Emily tinggal di Kota B, dengan tim penyelamat mencari selama satu minggu.

Dalam waktu ini, juga perlahan-perlahan mencari dapat, tapi semua adalah mayat, tidak ada yang hidup.

Dia setiap hari dengan perasaan yang takut, takut ada yang memberitahukannya, sudah mencari dapat Franklin.

Natasia berjalan kedepan, menghalang pandangan Emily, ekspresi wajah juga jelek: "Sudah hari ketujuh, Nyonya, pulang ke Kota Arola saja."

Saat ini, mereka berdiri digeladak, bau amis dan basah itu datang dari angin laut, lalu masuk kedalam baju, sangat dingin sekali.

Natasia datang dihari kedua, Nicho juga ingin datang, tapi tidak bisa datang, jadi hanya Natasia yang datang.

Natasia melihat pemandangan Emily yang kosong ini, wajah khawatir.

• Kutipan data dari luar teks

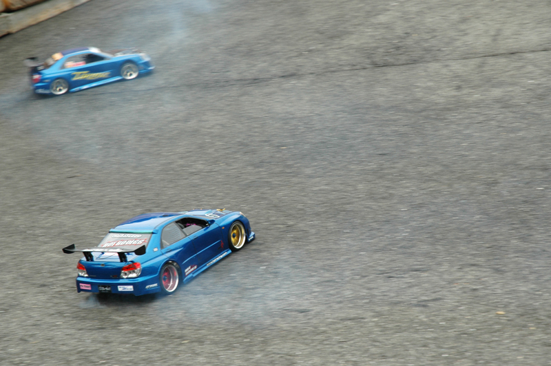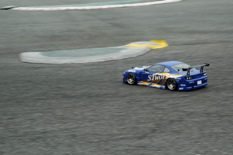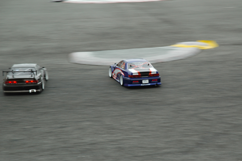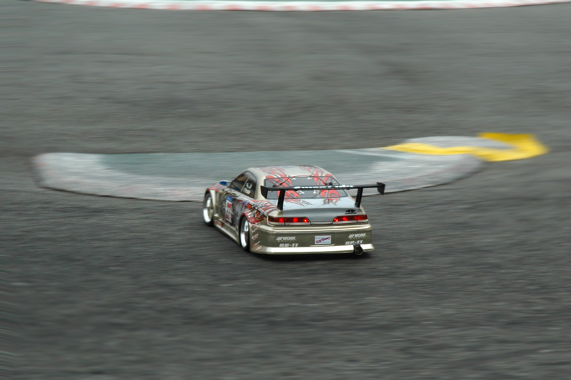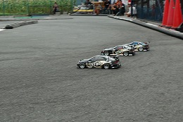 予選結果によりA, Bクラスに分けて予選と同様に5分間のルーレットで決勝が行われました。チャレンジBクラスは各選手拮抗したレベルで審査員を悩ませましたが、安定した走りで高野靖之選手が優勝しました。チャレンジAクラスで気を吐いたのは、たかあき選手, おきっちゃん選手でした。2人で綺麗に周回している様はまさにツインドリという感じで、甲乙付けがたい走りで楽しませてくれました。予選トップ通過の中村貴史選手は集中力が切れたか、マシントラブルか精彩を欠く走りで下位に沈んでしまいました。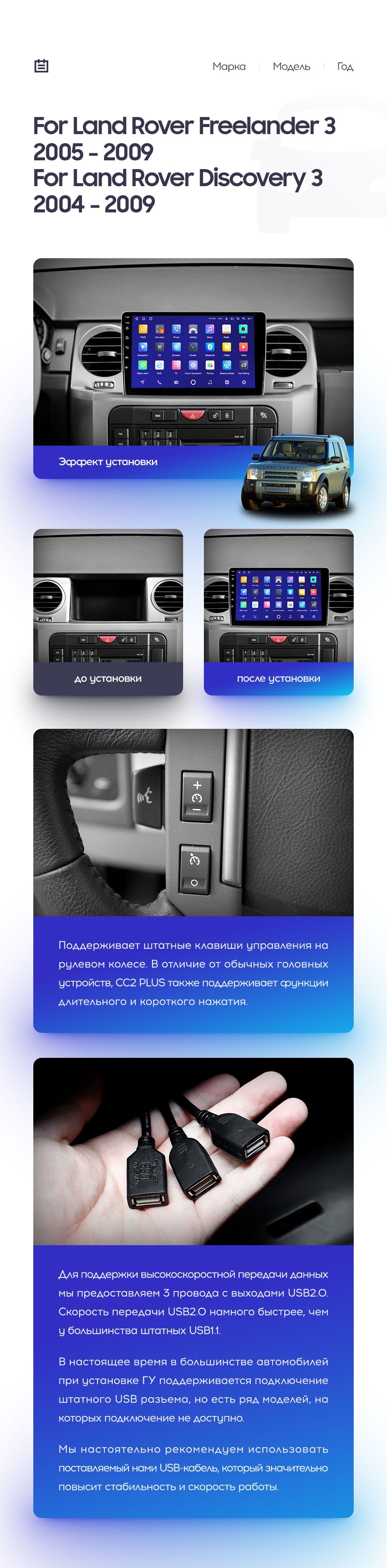 Полный комплект установки магнитолы Teyes с рамкой и проводкой можно выбрать в каталоге штатных магнитол Land Rover Discovery 3 (2004-2009).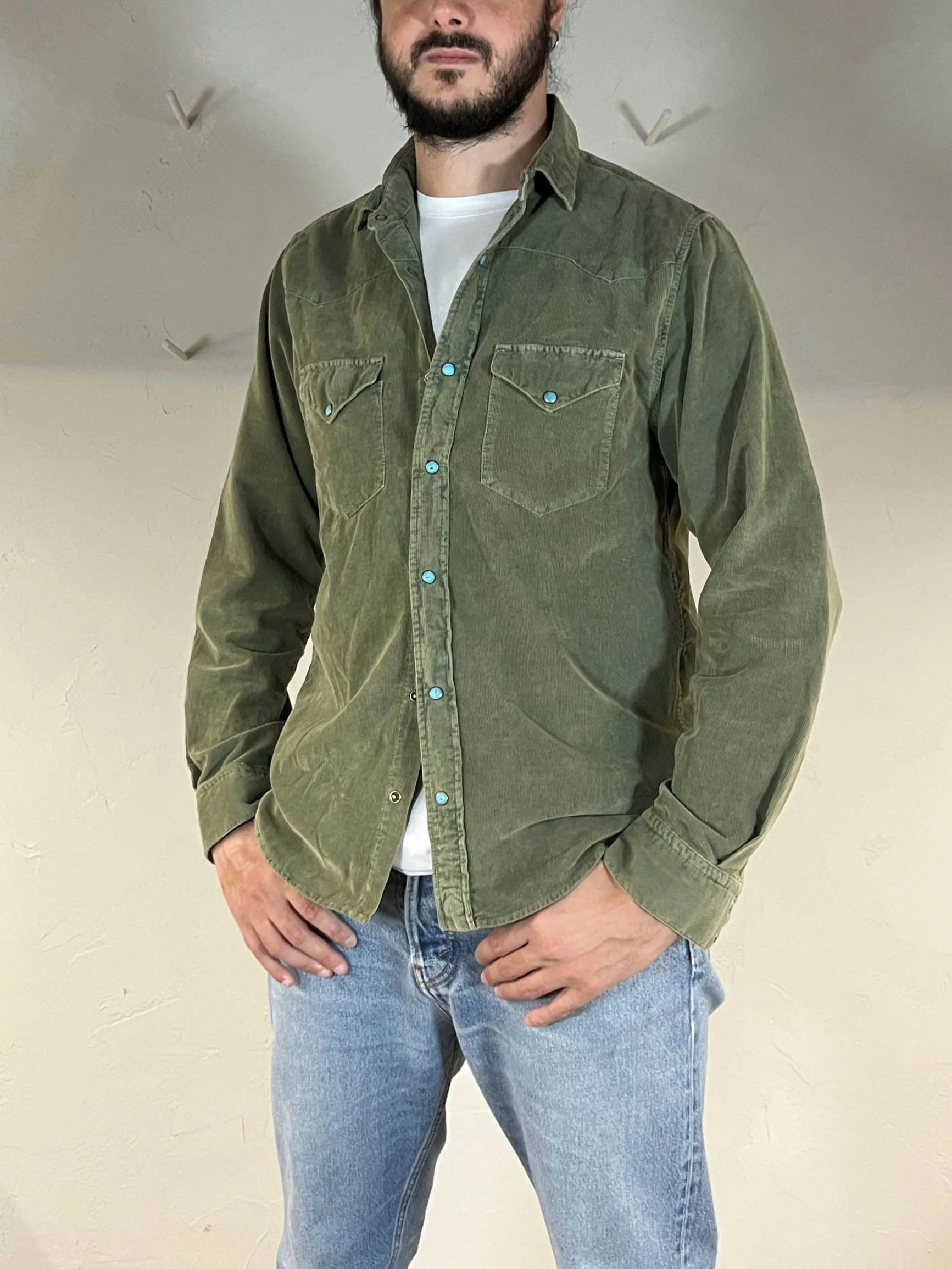 Codice Articolo: CHSPKAI25-506 Colore: Military Modello western Tasche frontali Allacciatura con bottoni automatici Vestibilitร regular Composizione: 100% Cotone Taglia indossata L (Modello: Altezza 188cm)

Namun Emily saat ini berkata satu kata padanya yang membuat dia terkejut: "Baik."

"Nyonya!" Natasia sedikit terkejut, nyonya akhirnya sudah ingin pulang.

Emily mengangguk kepala, melihat laut yang tak berujung ini: "Dia pasti masih hidup, jadi dia tidak akan tenggelam dilaut."

Tidak ada orang yang bisa tinggal didalam laut selama tujuh hari, jadi, tidak perlu disini mencari lagi, Franklin pasti masih hidup, jadi, dia tidak akan tenggelam dengan orang itu didalam laut, dia percaya.

Natasia mendengar ini, ekspresi wajah berubah, lalu mengerutkan kening.

Kejadian malam itu, dia dengan Nicho sudah mencari orang banyak, untuk menyelidiki disekitar, selain tempat pesawat jatuh, dia juga mencari orang untuk menyelidiki ditempat lain.

Tapi, tidak ada kabar Franklin.

Hari pertama, hari kedua, hari ketiga tidak menemukan Franklin, Natasia percaya dia masih hidup.

Tapi, ini sudah hari ketujuh, dan orang yang menyelidiki itu juga tidak ada kabar yang berguna, ini hanya bisa menyatakan......Franklin mungkin saja sudah tidak ada.